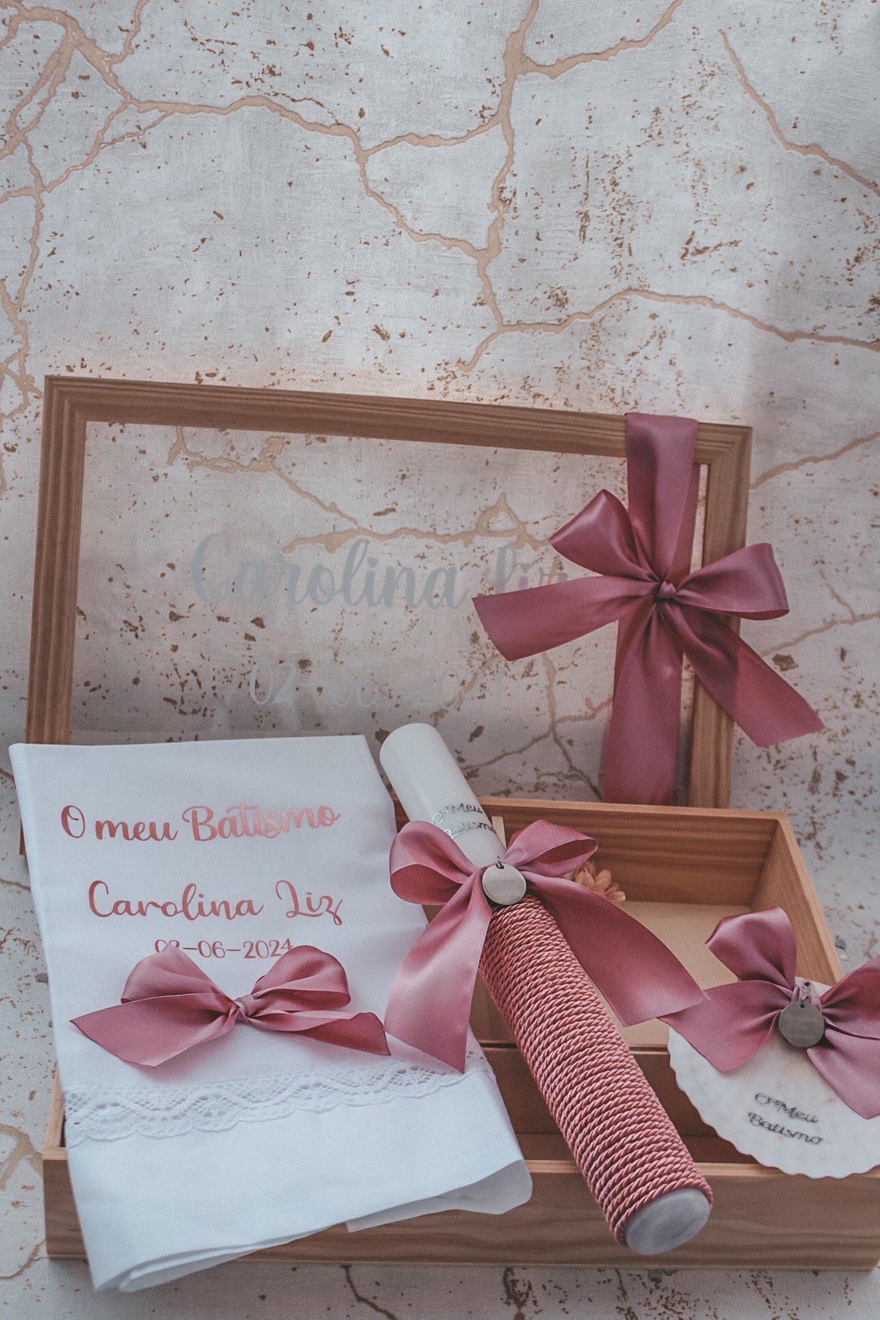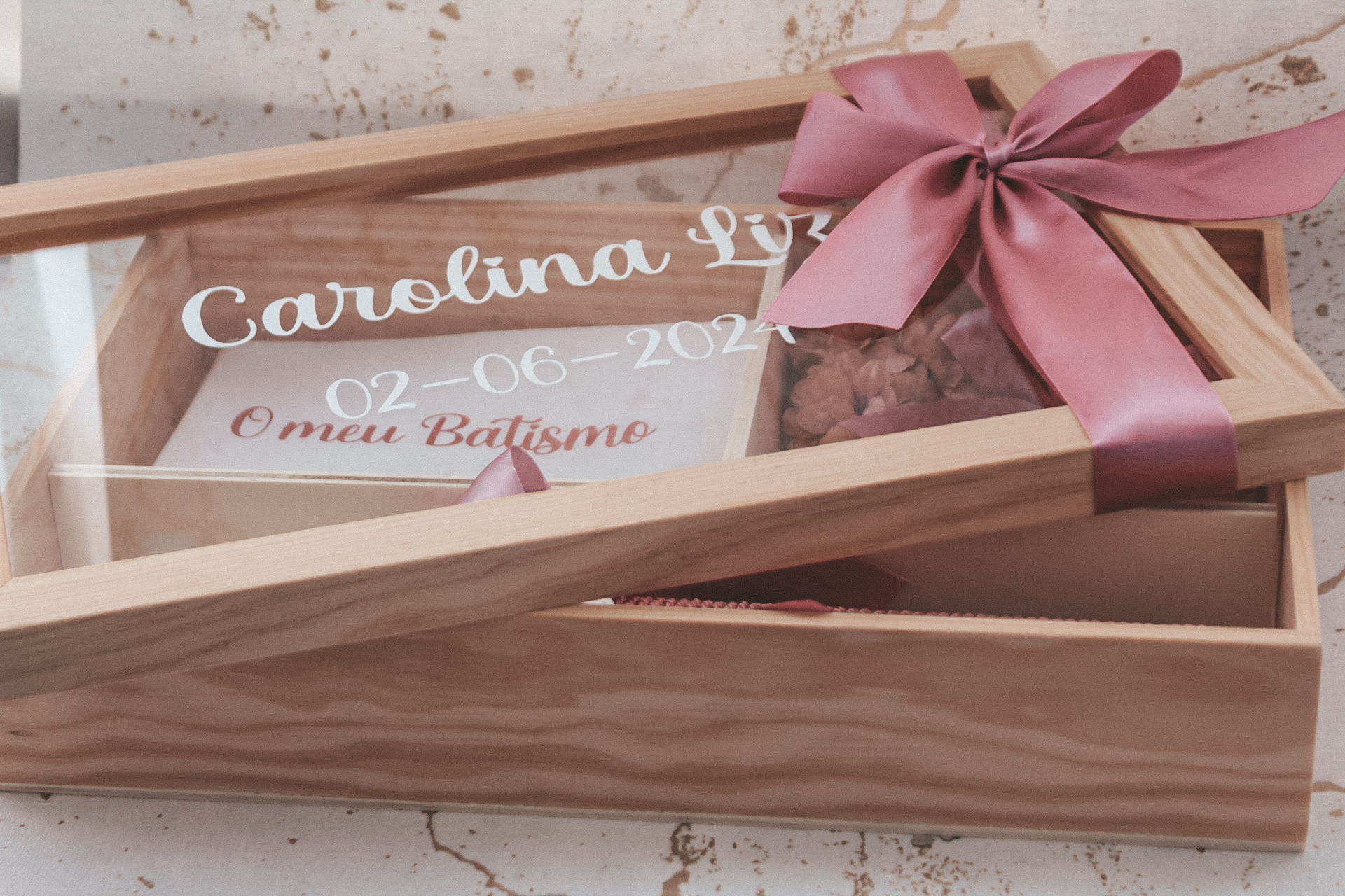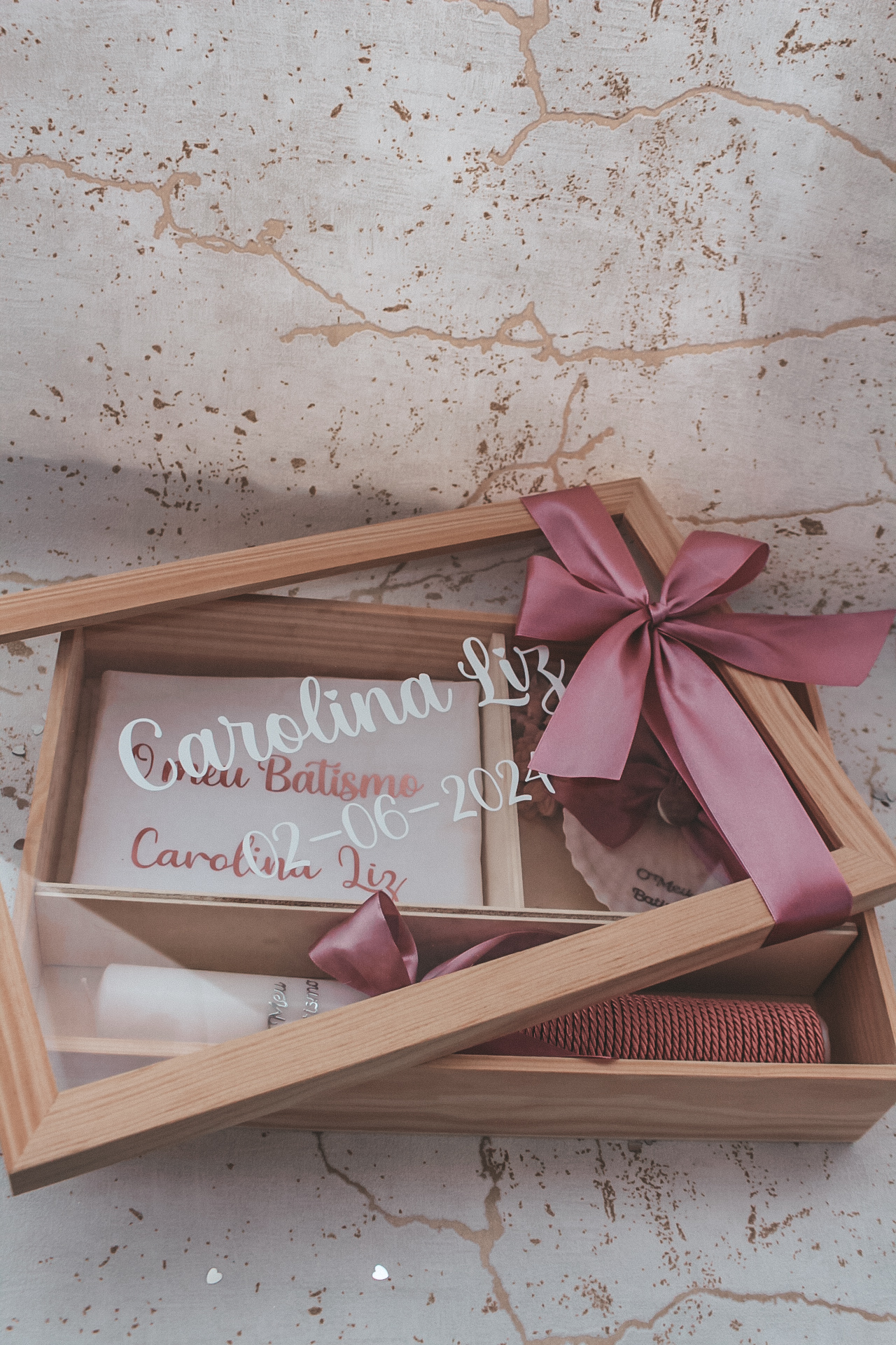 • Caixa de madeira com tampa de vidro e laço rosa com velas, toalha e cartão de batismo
==
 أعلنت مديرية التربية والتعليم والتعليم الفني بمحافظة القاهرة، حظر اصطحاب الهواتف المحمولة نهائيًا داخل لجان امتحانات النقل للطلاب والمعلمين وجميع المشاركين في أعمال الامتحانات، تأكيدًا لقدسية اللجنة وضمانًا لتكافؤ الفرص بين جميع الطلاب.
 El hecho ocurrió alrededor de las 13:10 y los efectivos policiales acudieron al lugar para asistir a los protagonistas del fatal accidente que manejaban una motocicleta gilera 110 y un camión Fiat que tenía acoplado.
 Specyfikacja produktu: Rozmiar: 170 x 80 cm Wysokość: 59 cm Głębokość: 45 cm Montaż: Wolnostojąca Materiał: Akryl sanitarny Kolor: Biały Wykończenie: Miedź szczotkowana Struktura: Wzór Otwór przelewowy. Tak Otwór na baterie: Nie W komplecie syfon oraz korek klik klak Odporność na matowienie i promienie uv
==
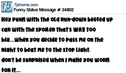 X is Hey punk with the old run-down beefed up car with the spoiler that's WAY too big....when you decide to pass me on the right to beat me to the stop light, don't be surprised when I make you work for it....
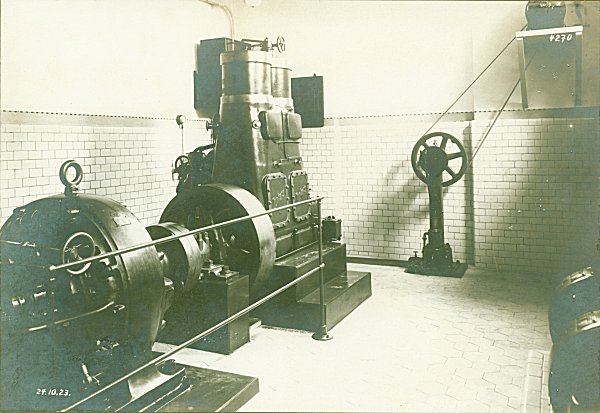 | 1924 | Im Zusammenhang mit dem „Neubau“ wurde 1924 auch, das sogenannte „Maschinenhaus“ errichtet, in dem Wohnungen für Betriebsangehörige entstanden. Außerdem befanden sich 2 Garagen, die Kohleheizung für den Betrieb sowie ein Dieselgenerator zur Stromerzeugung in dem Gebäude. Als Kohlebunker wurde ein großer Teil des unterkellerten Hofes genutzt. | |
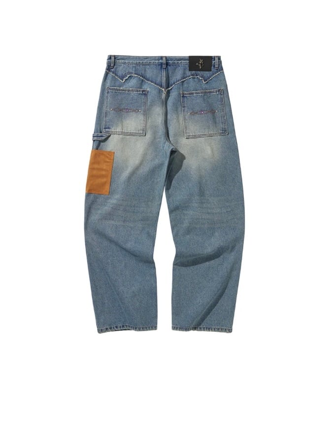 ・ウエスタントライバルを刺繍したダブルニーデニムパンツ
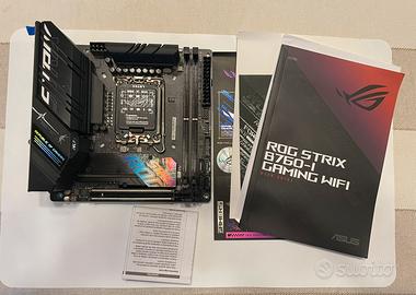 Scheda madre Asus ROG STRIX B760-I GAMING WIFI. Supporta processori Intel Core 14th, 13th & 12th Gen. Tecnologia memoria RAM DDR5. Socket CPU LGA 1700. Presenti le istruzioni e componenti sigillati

* Aim of the task
Set down word for word the lines above from the one with "X is Hey punk" up to and including the one with "Scheda madre Asus". Omit every picture.

* Expected answer
 X is Hey punk with the old run-down beefed up car with the spoiler that's WAY too big....when you decide to pass me on the right to beat me to the stop light, don't be surprised when I make you work for it....
 | 1924 | Im Zusammenhang mit dem „Neubau“ wurde 1924 auch, das sogenannte „Maschinenhaus“ errichtet, in dem Wohnungen für Betriebsangehörige entstanden. Außerdem befanden sich 2 Garagen, die Kohleheizung für den Betrieb sowie ein Dieselgenerator zur Stromerzeugung in dem Gebäude. Als Kohlebunker wurde ein großer Teil des unterkellerten Hofes genutzt. | |
 ・ウエスタントライバルを刺繍したダブルニーデニムパンツ
 Scheda madre Asus ROG STRIX B760-I GAMING WIFI. Supporta processori Intel Core 14th, 13th & 12th Gen. Tecnologia memoria RAM DDR5. Socket CPU LGA 1700. Presenti le istruzioni e componenti sigillati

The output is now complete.